The data source is https://ftp.ncbi.nih.gov/snp/latest_release/VCF/

zaeleus commented 2 months ago

Thanks for the report and example!

This is likely an invalid INFO field value. While the range is undefined in VCF 4.2, VCF 4.3 clarifies that integers are 32-bit signed integers (§ 1.3 "Data types" (2022-11-27)):

Data types supported by VCF are: Integer (32-bit, signed)...

See also § 7.2 "Changes between VCFv4.2 and VCFv4.3" (2022-11-27):

In order for VCF and BCF to have the same expressive power, we state explicitly that Integers and Floats are 32-bit numbers. Integers are signed.
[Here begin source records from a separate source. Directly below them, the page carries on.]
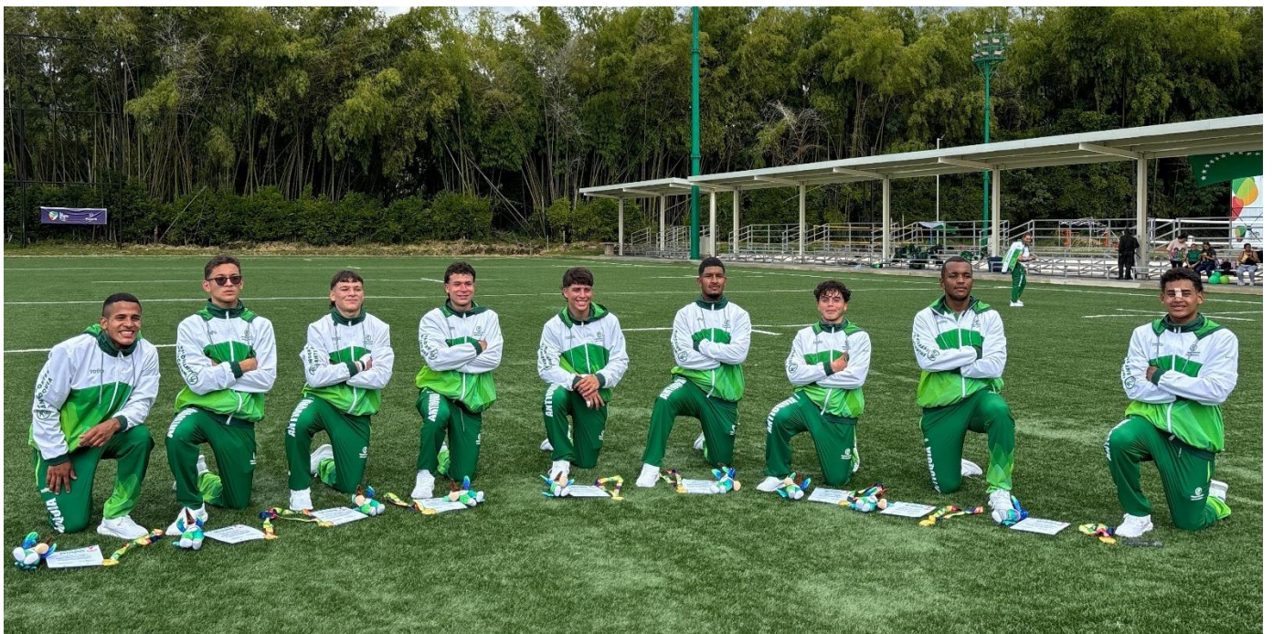
(Equipo antioqueño de rugby siete, campeón nacional juvenil.)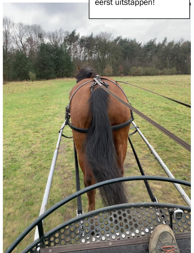
Het uitzicht vanaf de bok!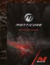
शुरू करना मार्गदर्शिका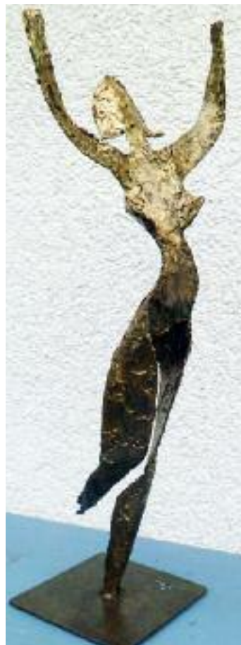
li: tanzende aus 1,5 mm stahl- blech kalt geformt, mit gespachtelter oberflächenstruktur, gold patiniert, höhe: 46 cm breite: 15, tiefe: 16 cm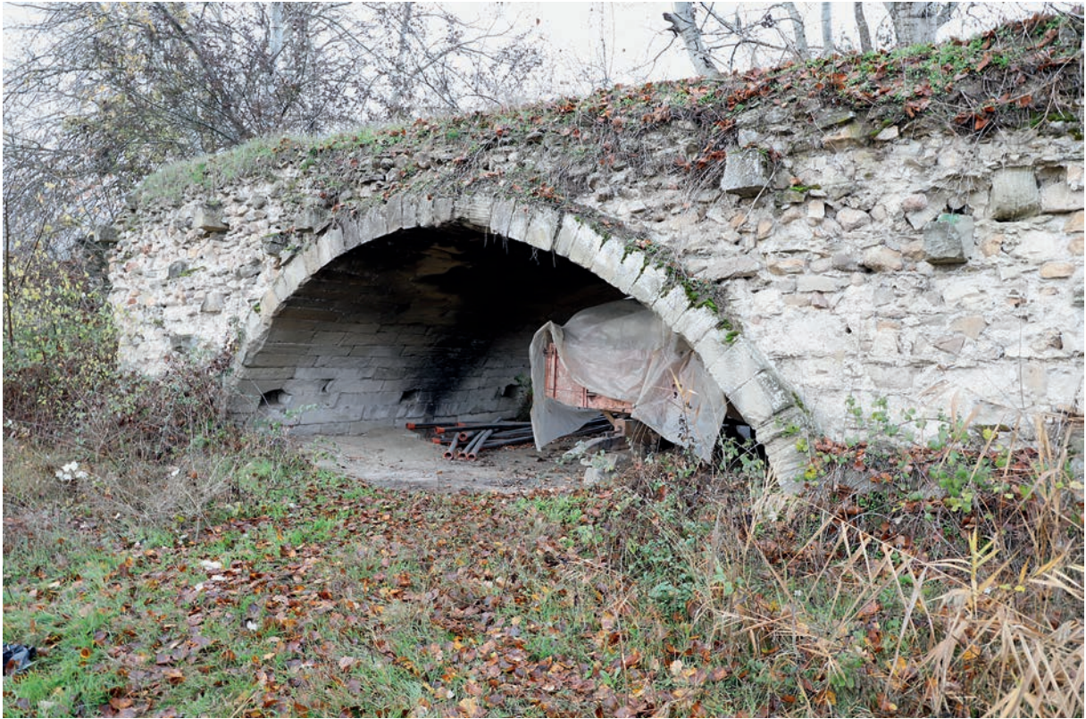
298 Taşköprü (2), alte Brücke, Nebenbogen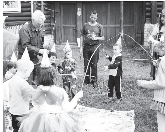
▲ День рождения Таи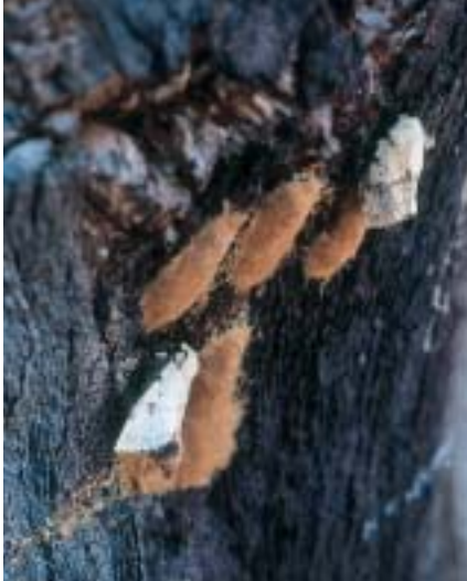
La ponte débute dès la fin de l'accouplement, le plus souvent sur le tronc même où les femelles ont émergé de leur chrysalide. La femelle au premier plan redresse son abdomen pour libérer dans l'air sa phéromone sexuelle.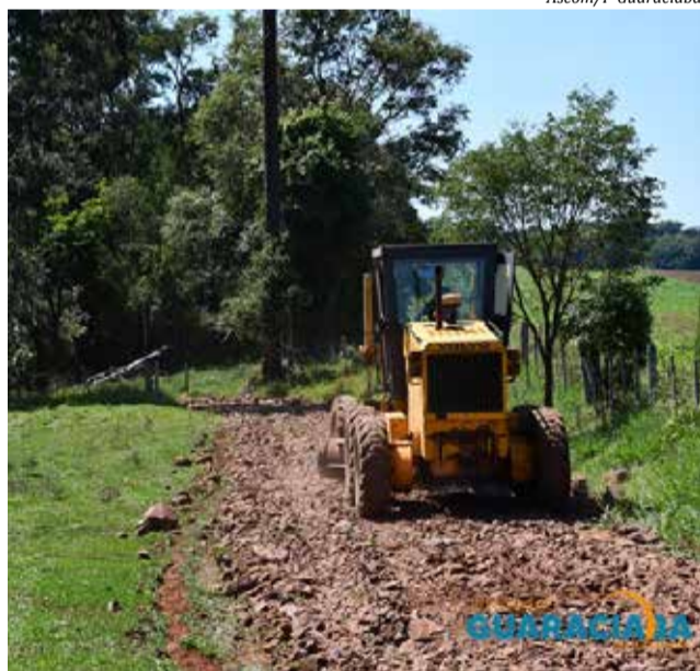
Os investimentos são particulares com o auxílio da prefeitura em terraplenagem, nivelamento, acessos e estradas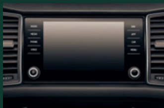
System nawigacji Amundsen 8" z mapą Europy

By default, htslib can't read this value and silently discards the data:

$ bcftools --version
bcftools 1.21
Using htslib 1.21
$ bcf view --no-header 302.vcf
[W::vcf_parse_info] Extreme INFO/RS value encountered and set to missing at sq0:1
sq0 1   .   A   .   .   .   RS=.

In noodles, I recommend redefining the RS type as a string. If it needs to be used, parse it manually as a larger integer type, e.g.,

use noodles_vcf::{
    self as vcf, header::record::value::map::info::Type, variant::record_buf::info::field::Value,
};

const DATA: &[u8] = br#"##fileformat=VCFv4.2
##INFO=<ID=RS,Number=1,Type=Integer,Description="dbSNP ID (i.e. rs number)">
#CHROM  POS ID  REF ALT QUAL    FILTER  INFO
sq0 1   .   A   .   .   .   RS=2148352434
"#;

fn main() -> Result<(), Box<dyn std::error::Error>> {
    let mut reader = vcf::io::Reader::new(DATA);
    let mut header = reader.read_header()?;

    if let Some(rs) = header.infos_mut().get_mut("RS") {
        *rs.type_mut() = Type::String;
    }

    for result in reader.record_bufs(&header) {
        let record = result?;
        let info = record.info();

        if let Some(Some(Value::String(value))) = info.get("RS") {
            dbg!(value.parse::<i64>())?;
        }
    }

    Ok(())
}
puli1027 commented 2 months ago

@zaeleus I understand now. Thank you for your reply